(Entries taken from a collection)
------------------------------------
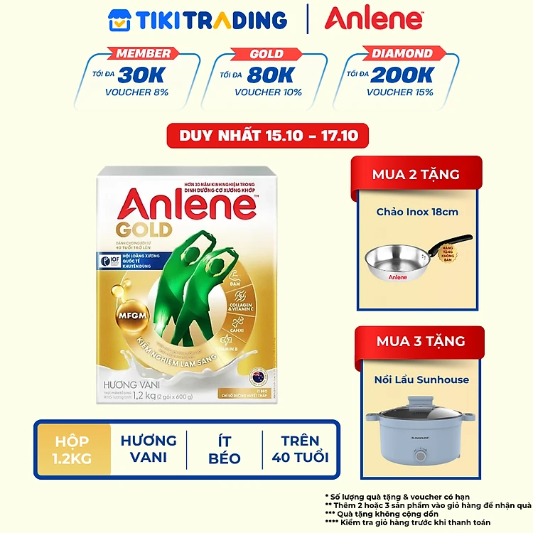Bao bì mới - Sữa Bột Anlene Gold Hương Vanilla (Hộp giấy 1200g)
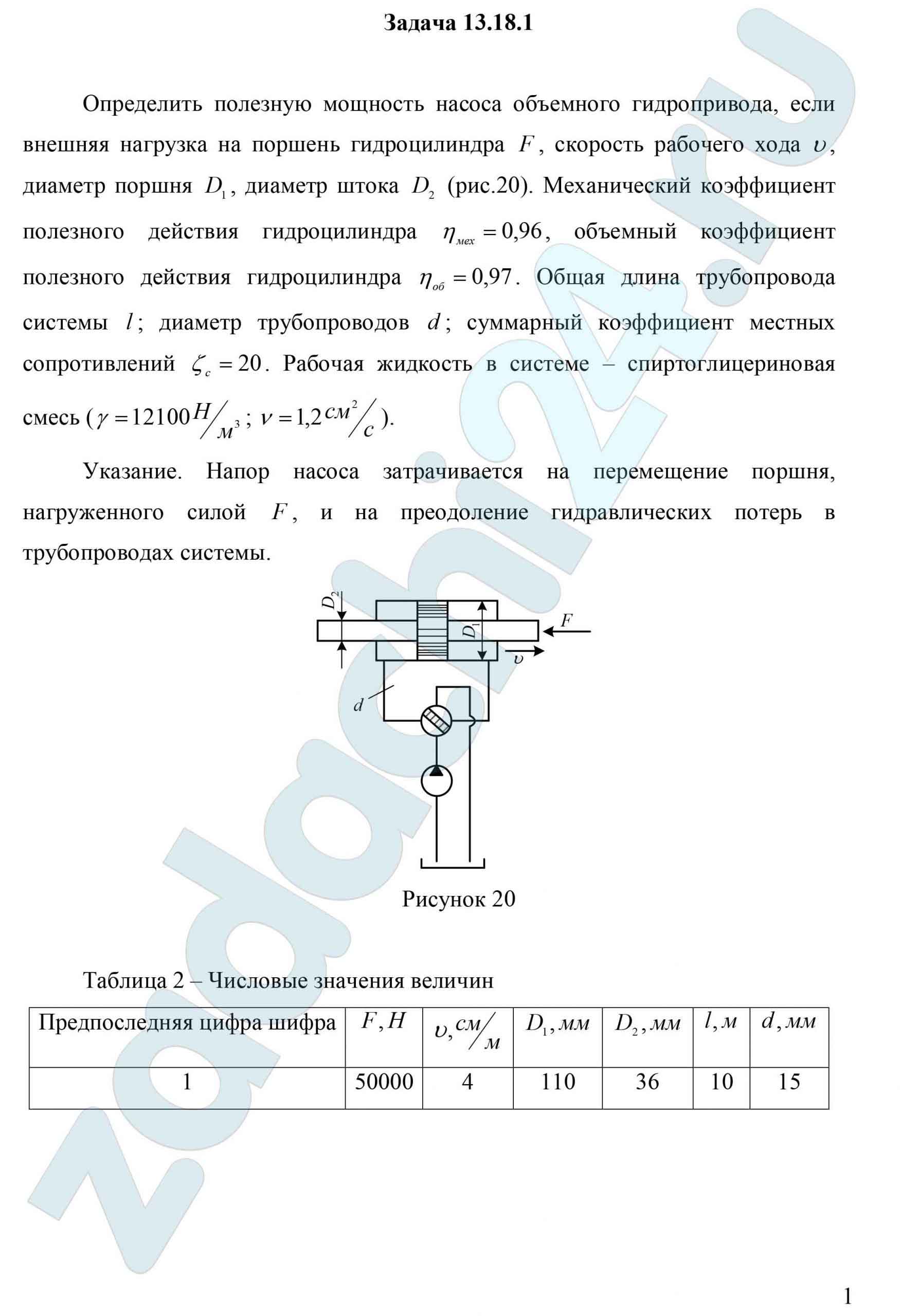 13.18 Определить полезную мощность насоса объемного гидропривода, если внешняя нагрузка на поршень гидроцилиндра F, скорость рабочего хода υ, диаметр поршня D1, диаметр штока D2 (рис.20). Механический коэффициент полезного действия гидроцилиндра ηмех=0,96, объемный коэффициент полезного действия гидроцилиндра ηоб=0,97. Общая длина трубопровода системы l; диаметр трубопроводов d; суммарный коэффициент местных сопротивлений ζc=20. Рабочая жидкость в системе – спиртоглицериновая смесь (γ=12100 H/м³; ν=1,2 см²/c).
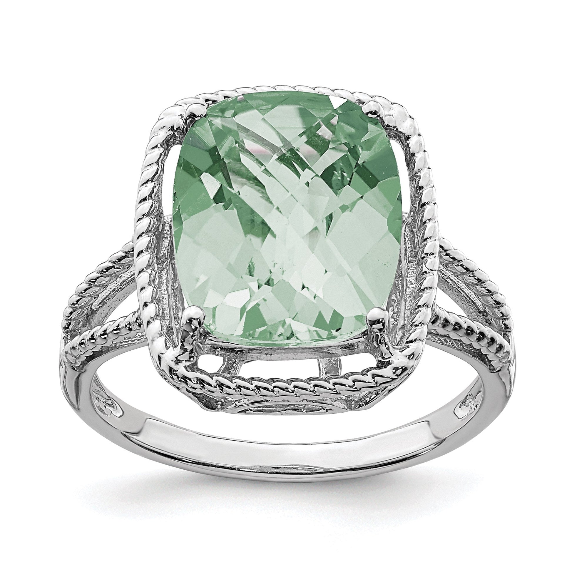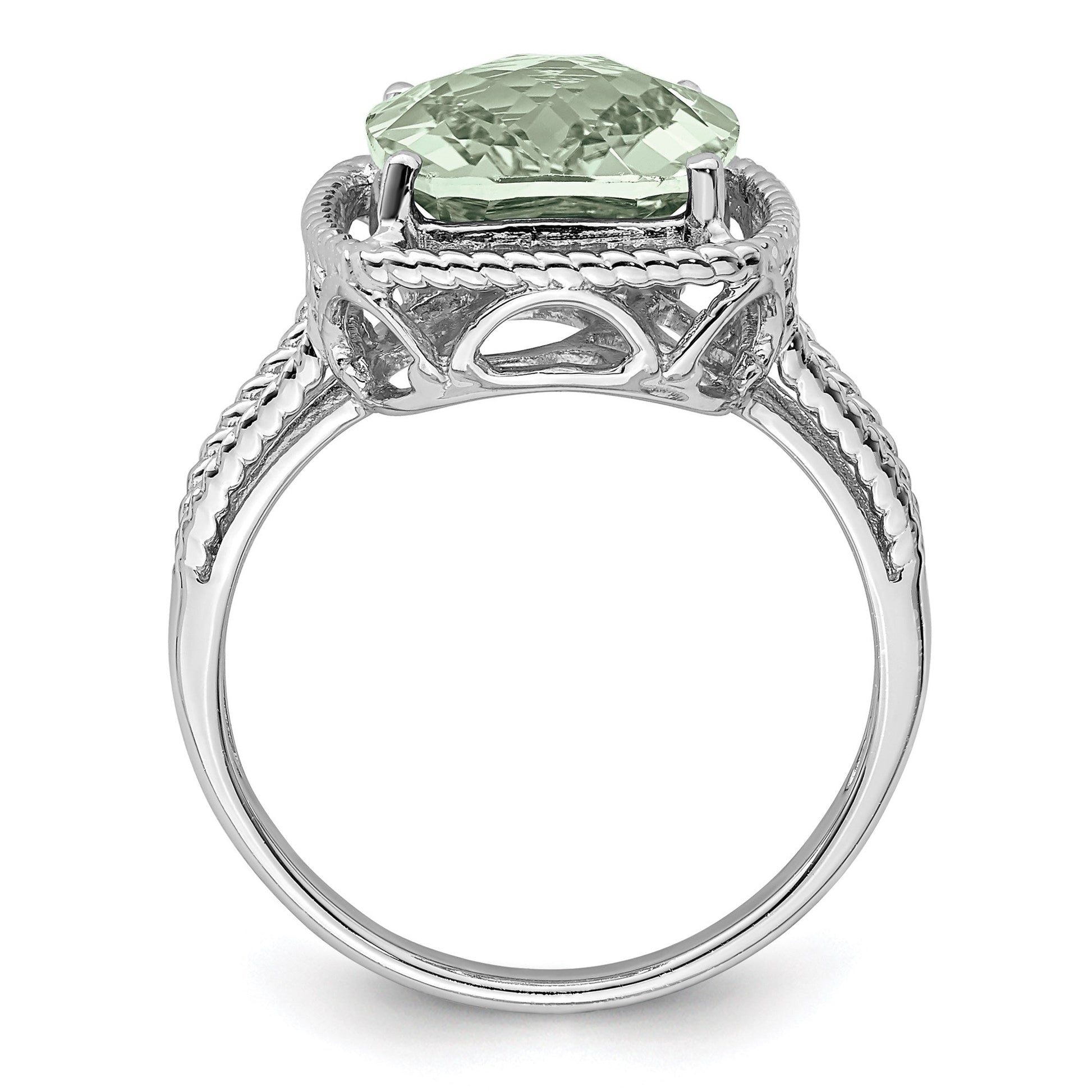 Sterling Silver Rhodium Checker-Cut Green Quartz Gemstone Birthstone Ring Fine Jewelry Gift for Her
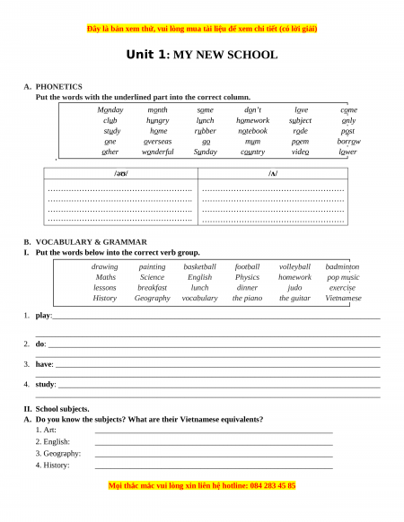 Unit 1: MY NEW SCHOOL A. PHONETICS
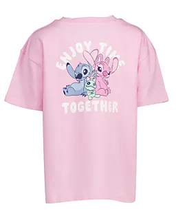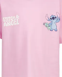 Esta camiseta rosa para niños y niñas tiene un cuello redondo y un corte holgado, lo que hace que caiga bien y sea cómoda de llevar. En el pecho pone ‘STITCH & ANGEL’ con una imagen alegre de Stitch. El tejido suave es agradable al tacto y permite moverse con comodidad. Por el color claro y el modelo corto, esta camiseta es agradable de llevar cuando hace más calor.
------------------------------------
## PROBLEM STATEMENT:
Each of the records above needs to be transcribed exactly, apart from its pictures.

## EXERCISE SOLUTION:
Bao bì mới - Sữa Bột Anlene Gold Hương Vanilla (Hộp giấy 1200g)
 13.18 Определить полезную мощность насоса объемного гидропривода, если внешняя нагрузка на поршень гидроцилиндра F, скорость рабочего хода υ, диаметр поршня D1, диаметр штока D2 (рис.20). Механический коэффициент полезного действия гидроцилиндра ηмех=0,96, объемный коэффициент полезного действия гидроцилиндра ηоб=0,97. Общая длина трубопровода системы l; диаметр трубопроводов d; суммарный коэффициент местных сопротивлений ζc=20. Рабочая жидкость в системе – спиртоглицериновая смесь (γ=12100 H/м³; ν=1,2 см²/c).
 Sterling Silver Rhodium Checker-Cut Green Quartz Gemstone Birthstone Ring Fine Jewelry Gift for Her
 Unit 1: MY NEW SCHOOL A. PHONETICS
 Esta camiseta rosa para niños y niñas tiene un cuello redondo y un corte holgado, lo que hace que caiga bien y sea cómoda de llevar. En el pecho pone ‘STITCH & ANGEL’ con una imagen alegre de Stitch. El tejido suave es agradable al tacto y permite moverse con comodidad. Por el color claro y el modelo corto, esta camiseta es agradable de llevar cuando hace más calor.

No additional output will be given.